The clause says that, by regulation, the national authority can indicate what sort of election process could be used to appoint members. Will the Minister say whether he has had any thoughts on that?
Helen Goodman (Bishop Auckland) (Lab): The hon. Gentleman’s question raises another, which I hope that the Minister will be able to answer, about the system for the landowner to secure representation on the group. I envisage a situation in my constituency, which has a large number of large commons, but only two significant landowners that will, in effect, be guaranteed places in all the associations. I cannot understand how a system of election would fit in with that, or whether different systems of appointment are desirable. I should like the Minister to clarify how that will pan out.
Mr. Williams: The hon. Lady raises an interesting question. There are commons in my constituency with more than one landowner.
Although we are pleased that the Minister has spoken about the importance of people’s legal rights, it is important, if associations are to enter into environmental agreements, that they have the support of organisations, such as the Royal Society for the Protection of Birds and, perhaps, the wildlife trusts and others. I am not sure how an election would work in such cases. Perhaps he will share any ideas that he has on this tricky and rather thorny problem.
Mr. Llwyd: Perhaps I could return briefly to an area of confusion, and I am obliged to the National Farmers Union for drawing attention to it. The NFU refers to the clause, in respect of which we are talking about board, council, or executive members. Surely, everybody who exercises rights of common on the common will be members, as such, of the association. [Interruption.] Is that not right?

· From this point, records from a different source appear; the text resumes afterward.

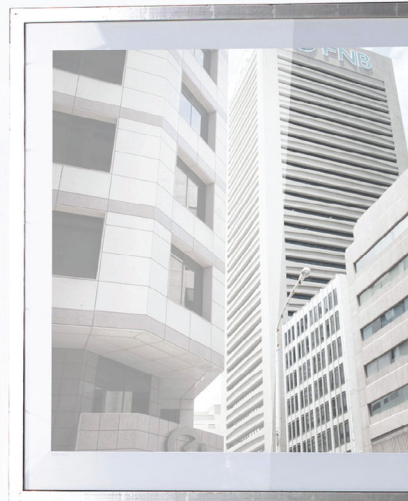
Shown: CS092FRSNL27 (7) PD092FRSNL2 Gracie Frost Pendants on Cluster 7 Canopy
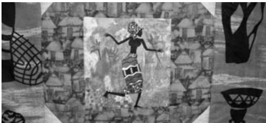
All Saints Lutheran quilt incorporates fabric from Cameroon, Africa.
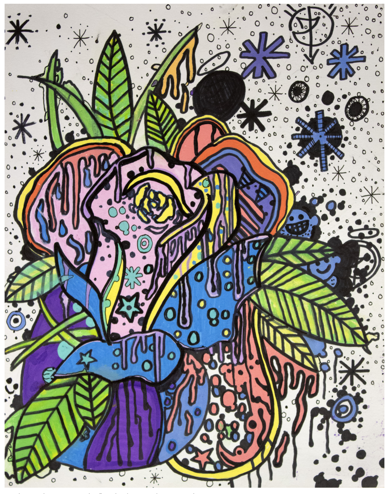
Zack Mohs, Untitled (Rose), marker on paper, 2018
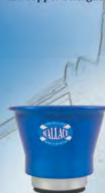
TWC-WA01 wah wah

The Chairman: Order. That was not an intervention; I was taking it as a speech.
Mr. Llwyd: I was developing the theme. Surely, if the Minister wishes to intervene, it would be fair for everyone.

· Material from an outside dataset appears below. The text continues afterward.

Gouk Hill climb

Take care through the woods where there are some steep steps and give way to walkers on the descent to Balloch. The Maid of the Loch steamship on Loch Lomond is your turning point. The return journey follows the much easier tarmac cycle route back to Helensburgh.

Jim Knight: I was trying to intervene to be helpful, but I have forgotten what I was going to say.
The members of the association would be the representatives and members of the committee. They would be there by virtue of their representation of the various legal interests. In some cases, there might not be enough people for an election; when there are, there will be an election.
Mr. Llwyd: I am grateful for that.
Jim Knight: I may have answered most of the questions in my intervention. The establishment order will determine voting mechanisms for electing members of the association. In some cases, weighted voting might be appropriate. We cannot give one method that would work for all commons—as we have discussed, they are so varied and there are very different balances between landowners, commoners and so on.

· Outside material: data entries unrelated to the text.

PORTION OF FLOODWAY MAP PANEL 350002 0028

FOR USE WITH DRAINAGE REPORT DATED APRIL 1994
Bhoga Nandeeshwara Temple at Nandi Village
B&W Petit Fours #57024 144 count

We need to retain flexibility and to ensure that how the associations are formed and properly consulted on is appropriate to each case. It may well be that in the constituency of my hon. Friend the Member for Bishop Auckland (Helen Goodman) one or two landowners would be representative because of their legal interests in a number of associations, if one big one had not been formed. However, unlike at present, such landowners would no longer have the veto over what went on, because the associations would make the decisions.
Question put and agreed to.
Clause 30 ordered to stand part of the Bill.

Clause 31

Functions
David Maclean: I beg to move amendment No. 93, in clause 31, page 17, line 43, at end insert—
‘(5A) Where a commons association is established for an area of land that consists of more than one common, it may exercise the functions conferred on it under subsection (1) separately for each common or group of commons.'.
At the moment, the additional cost and responsibilities and increased burdens may outweigh the advantages of going down the statutory route, unless there is some Government pump-priming. If there had been a stand part debate on part 2, I would have made a speech on the missing funding elements. However, there is no legitimate scope for me to do so and be in order.
The most appropriate size for a typical upland statutory commons committee is uncertain, although the larger the grouping of commons covered, the greater the potential for cost-efficient administrative structures. At the same time, the very individual and peculiar nature of some of the commons, both in respect of their historical development and their modern-day management needs, demands very localised and sometimes individual decision making at individual commons level.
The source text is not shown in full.